As I’ve written on my blog, I see no tension at all between my veganism and my history with anorexia. I like to make a distinction between selectivity and restriction: my diet is very selective, but it’s not restrictive in the sense that it is nutritionally abundant, satisfying, and not motivated in the least by the desire to be thin. I also make a distinction between food choices and mentality. When I began exploring raw foods, I was still prone to orthodox thinking, excessive planning of every food choice, alarmism about food (sugar is the devil! etc.), and the idea that my body was so fragile that if I made the wrong food choices, I’d break. These were all remnants of my disorder, and it was they–not the fact that I was getting into raw food, which I still adore–that were the problem. Time healed them, but my food stayed the same.

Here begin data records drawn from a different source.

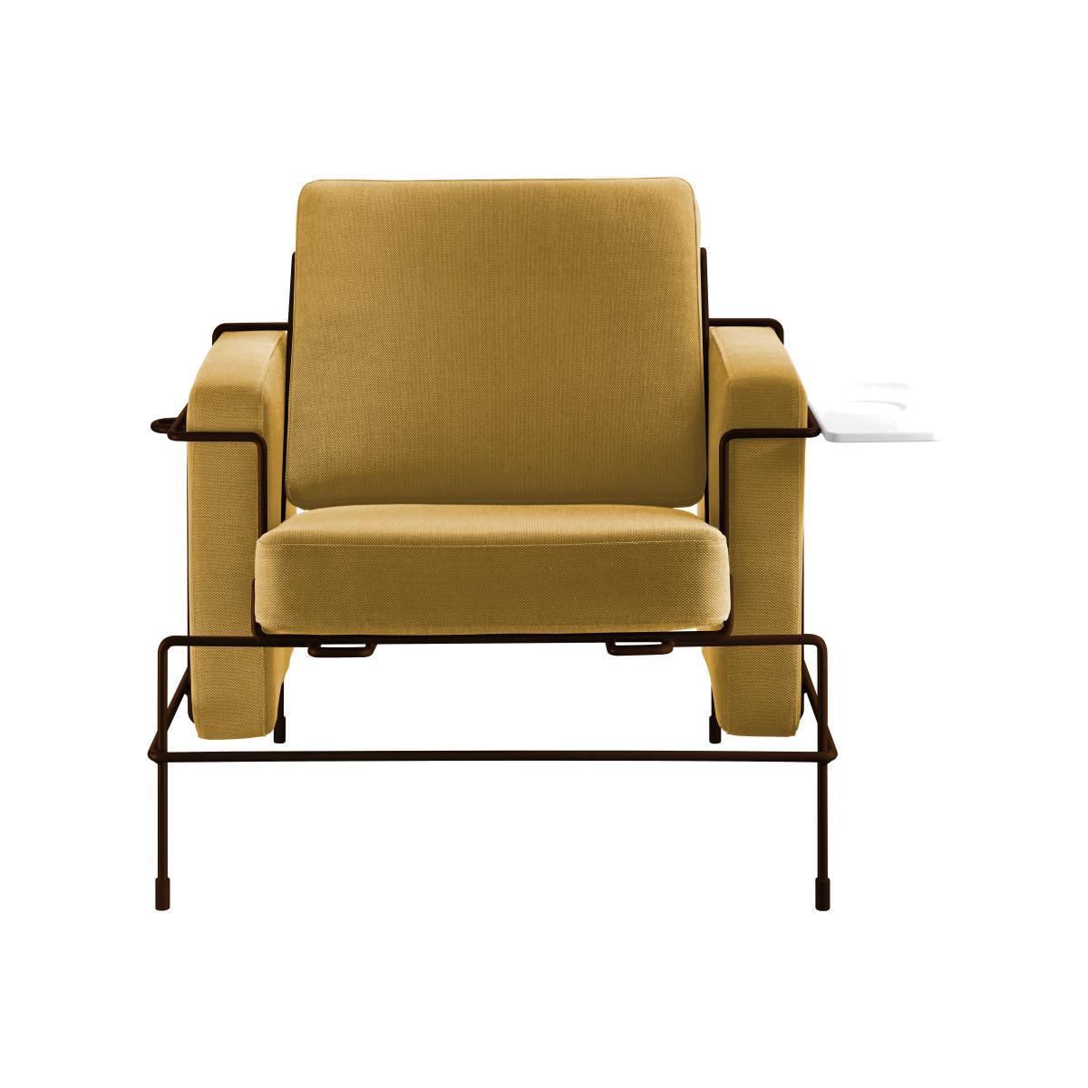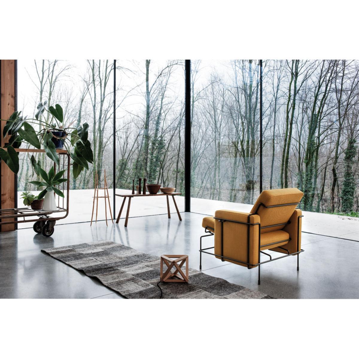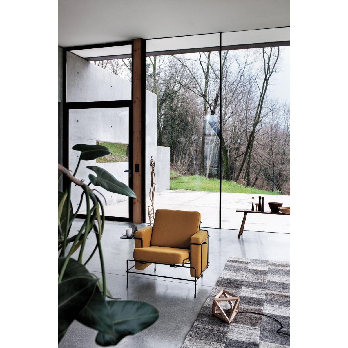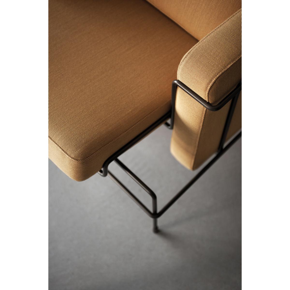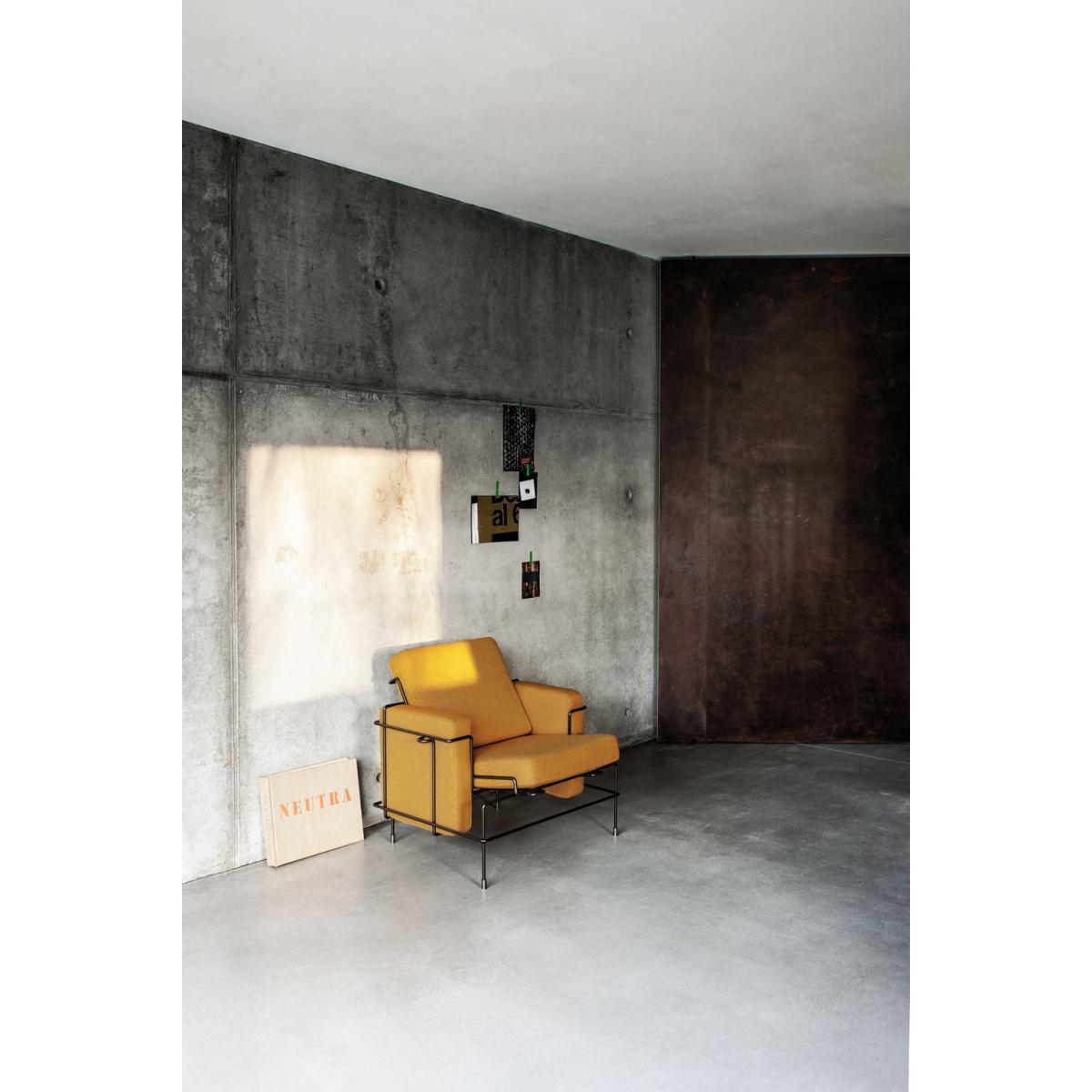 TRAFFIC is a collection of furniture using wire and upholstery. The correlation between the three-dimensional line drawing of the metal rod and the geometric volumes of the cushions marks a significant shift from the common connotation of wire furniture. The unassuming simplicity of its conception impart a pleasant casualness. The refinement of detailing and carefully tailored proportions stimulate a resounding elegance. The inherent logic of construction creates a formal grammar which allows for a number of functional declinations to form the TRAFFIC collection: an armchair, a two seater sofa, a small bench (which also serves as ottoman), a chaise longue. All pieces are available with upholstery in fabric or leather. The metal structure is either powder coated (in high gloss colours) or chrome plated.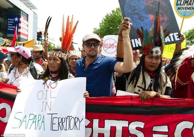 این راهپیمایی در صدمین روز حضور ترامپ به عنوان رییس جمهور آمریکا و در اعتراض به وی برگزار شد. دی کاپریوی ۴۲ ساله در عین حال در توییتر با انتشار عکسی گروهی با رهبران سرخپوستان نوشت: باعث افتخار است که به سران سرخپوستان و آمریکاییهای بومی که برای عدالت آب و هوایی مبارزه میکنند، همراه شدهام. به من در حمایت از آنها ملحق شوید.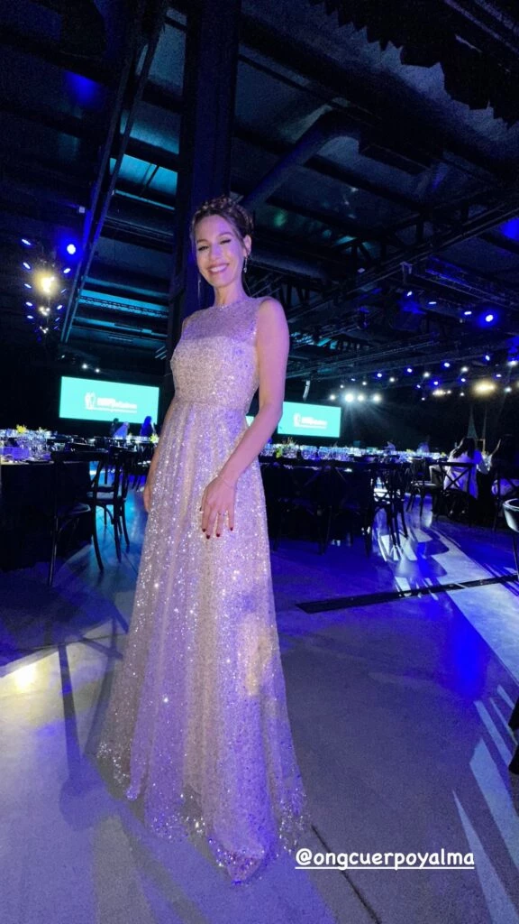 La modelo llevó un vestido rose gold con brillos y transparencias para asistir a la cena benéfica de la ONG "Cuerpo y alma" junto a su esposo, Roberto García Moritán.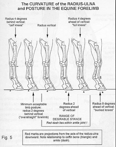 Radius 8 degrees ahead of vertical: "bucked knees"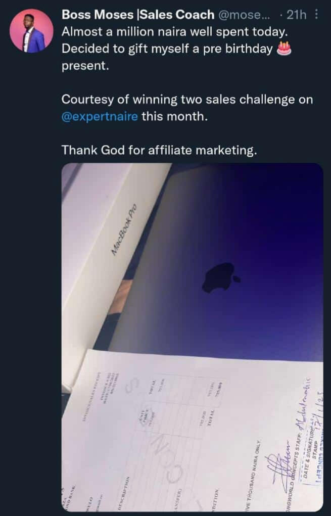 I was at rock bottom and was alone.But my story change when;I discovered affiliate marketing in May/22 and I decided to go into it.I started by signing up for affiliate marketing training program and i register to become an affiliate marketer. Two months after I made my first sale and was paid ₦56,500 in commission.Also i was able to buy myself a new Samsung phone after 4months that i joined affiliate marketing business and ever since then it has always been better, getting paid weekly.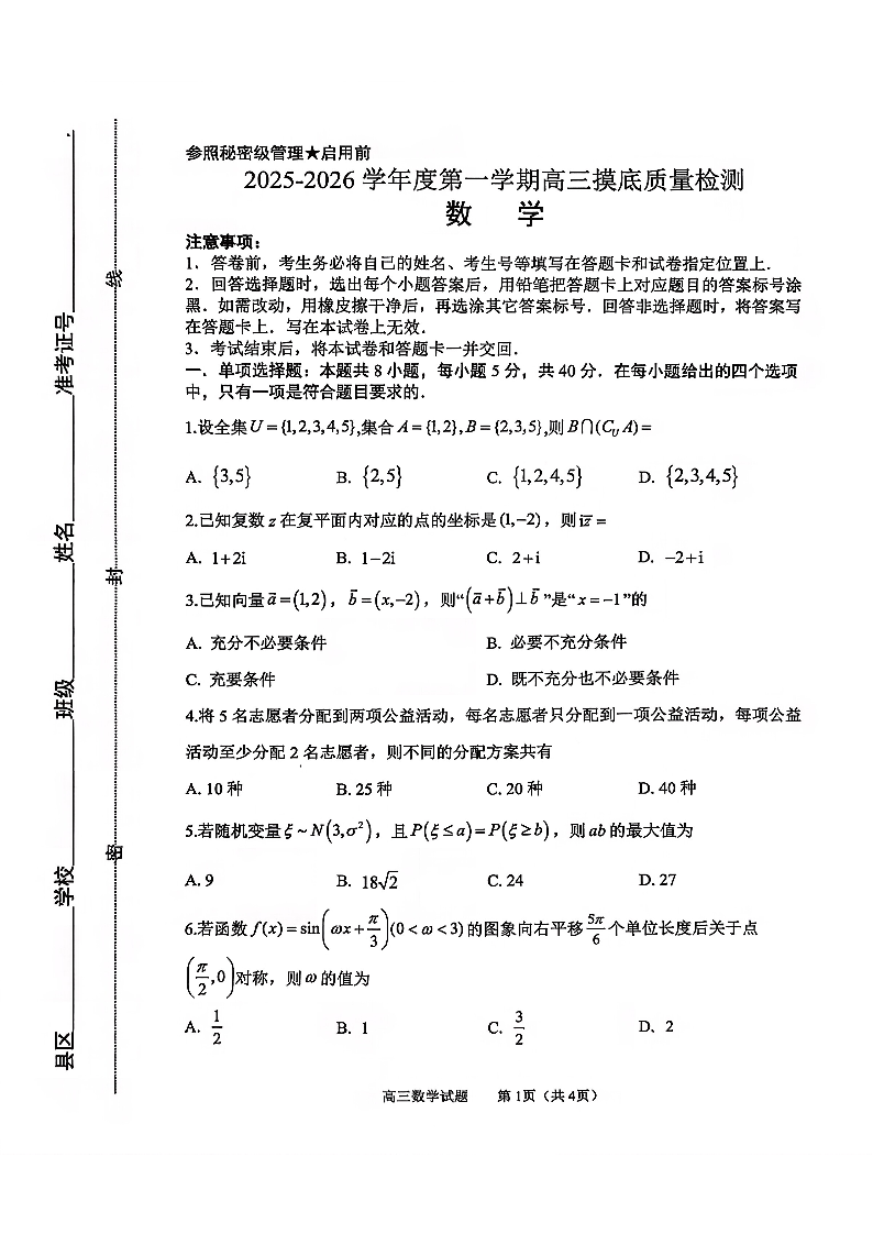 高三数学--2026届山东省淄博市第一学期高三摸底质量检测(期末)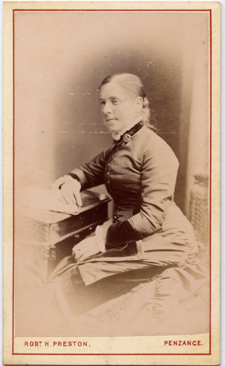 Description: A carte de visite of an unknown woman, perhaps a friend of the Branwell family, who lived at Penlee House. Below left is printed 'Robt. H. Preston' and to the bottom right 'Penzance'. On the reverse the Preston emblem is printed - 'ROBT. H. PRESTON. Photographer TO THE PRINCE AND PRINCESS OF WALES. PENZANCE'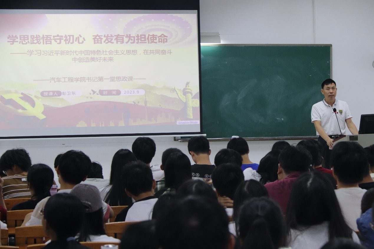 为全面学习习近平新时代中国特色社会主义思想,将党的创新理论滋养初心、引领使命,把初心和使命变成锐意进取、开拓创新的精气神和努力学习的原动力。2023年11月8日上午在明德楼2区303,汽车工程学院党总支书记彭卫东以“学思践悟守初心,奋发有为担使命”为主题,为2023级电子信息工程技术1、3、4班共165名新生上了第一堂思政课。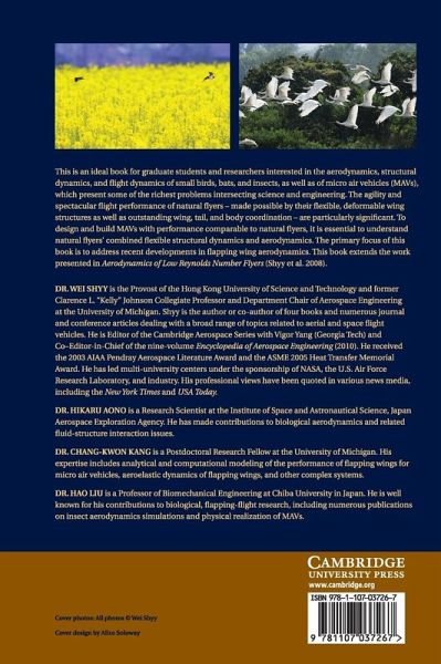 This is an ideal book for graduate students and researchers interested in the aerodynamics, structural dynamics and flight dynamics of small birds, bats and insects, as well as of micro air vehicles (MAVs), which present some of the richest problems intersecting science and engineering. The agility and spectacular flight performance of natural flyers, thanks to their flexible, deformable wing structures, as well as to outstanding wing, tail and body coordination, is particularly significant. To design and build MAVs with performance comparable to natural flyers, it is essential that natural flyers' combined flexible structural dynamics and aerodynamics are adequately understood. The primary focus of this book is to address the recent developments in flapping wing aerodynamics. This book extends the work presented in Aerodynamics of Low Reynolds Number Flyers (Shyy et al. 2008).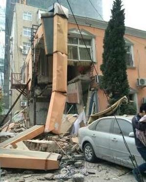 現(xiàn)場(chǎng)墻體倒塌,玻璃全被炸碎。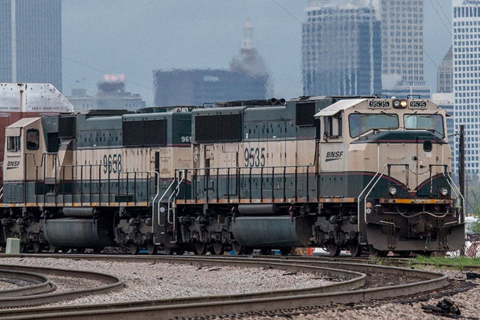 This cream and green paint scheme is featured on a small number of locomotives. It’s named after Gerald Grinstein, former CEO of BNSF predecessor Burlington Northern, and is sometimes referred to informally as “Grinstein Green.” One of the remaining locomotives featuring this unique paint scheme is numbered 9535 and now features a BNSF logo.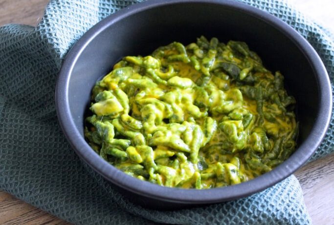 Spätzle di spinaci con dadolata di verdure e ricotta affumicata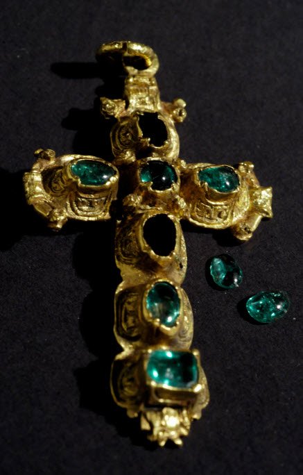 During the Spanish conquest of the New World, vast amounts of emeralds were seized and shipped to Spain. In 1519, Hernán Cortés embarked on his mission to convert the Aztecs in Mexico to Christianity. Upon hearing of ten “ghost” ships off the coast, Aztec Emperor Moctezuma mistook them for the return of gods and commissioned the creation of gifts for the newcomers, including a turquoise mask and a gold necklace set with emeralds and other gemstones. These were presented to Cortés, who later obtained a collection of exceptional emeralds when he looted Tenochtitlan, the Aztec capital. Some of these exquisite emeralds were even set aside as a gift for his future wife, Doña Juana de Zuniga.

Part of why I can say this all so confidently, of course, is that I’m honest about my motives and I know the difference between my food choices now and my restriction in the past. The tricky zone is that we all know for a fact that many people do use special diets as diet diets. But I don’t think that forcing everyone to eat everything is the way to address these cases; rather, can’t we try to gently help people who do use allergen free or plant based diets as a means of restriction to address the underlying problem?

Whatever the case, I think you can feel proud of the fact that you have learned to eat foods that take care of you.